Gérer les retards
Un fait étonnant: pendant la Seconde Guerre mondiale, les résistants français pensaient que l’occupation nazie n’était que temporaire. Ces hommes et ces femmes courageux se sont battus avec acharnement et ont subi la torture lorsqu’ils ont été capturés, mais ils ont poursuivi leur combat sans relâche face à des obstacles insurmontables, portés par la conviction que, d’ici peu, les forces alliées arriveraient pour libérer la France de ses cruels oppresseurs.
Mais alors que les jours se transformaient en semaines, puis les mois en années, certains résistants se lassèrent de cette vie faite de résistance constante et de clandestinité. Pour beaucoup, il commença à sembler que les Alliés ne viendraient jamais – qu’ils étaient trop occupés à combattre les nazis sur d’autres fronts. Il semblait même que la France resterait à jamais sous le contrôle de l’ennemi.

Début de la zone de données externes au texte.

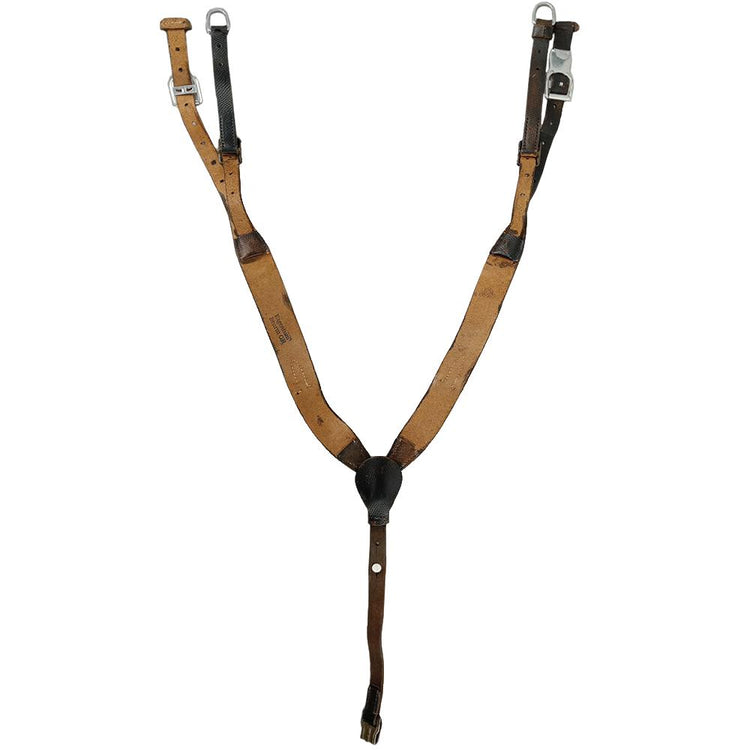 Original German WW2 Y-straps are hard to come by (and expensive!). Many other militaries roughly copied their design postwar and since then many of these have been used as 'German fakes' - that is exactly what these are. Original Czech Army suspenders, these have been shoe polished black and had the metal parts removed and replaced with D-rings and hooks a bit more similar to the original. Apart from the sharp reenactor/history buffs eyes, at a arms length these look right in place on a WW2 film set. That is where we believe a good number of these have been and made their way here!

Avec le temps, quelques résistants ont constaté qu’il était bien plus facile de coopérer avec les Allemands. Ils ont même commencé à se lier d’amitié avec leurs oppresseurs et à trahir leurs compatriotes français en échange de faveurs et de postes. Puis, soudain, vint le Jour J. La France fut libérée, et les résistants qui avaient tenu bon jusqu’au bout furent considérés comme des héros, tandis que les traîtres qui avaient capitulé furent humiliés publiquement, voire tués.
Faire face au retard
Se pourrait-il que les événements finaux au sein de l’Église ressemblent étroitement à ceux qui se sont déroulés en France pendant la Seconde Guerre mondiale ?
L’un des plus grands dangers auxquels le peuple de Dieu sera confronté dans les derniers jours n’est pas le temps de détresse, ni la menace d’emprisonnement, de torture ou de famine. C’est plutôt le retard apparent du retour du Seigneur qui conduira à une apathie paralysante parmi les croyants professants. Pour beaucoup, il semblera plus facile de se joindre au monde que de le rejeter. Mais nous sommes avertis : « Si ce mauvais serviteur dit en son cœur : “Mon maître tarde à venir”, et s’il commence à frapper ses compagnons, et à manger et à boire avec les ivrognes, le maître de ce serviteur viendra le jour où il ne s’y attend pas, et à l’heure qu’il ne connaît pas » (Matthieu 24:48-50).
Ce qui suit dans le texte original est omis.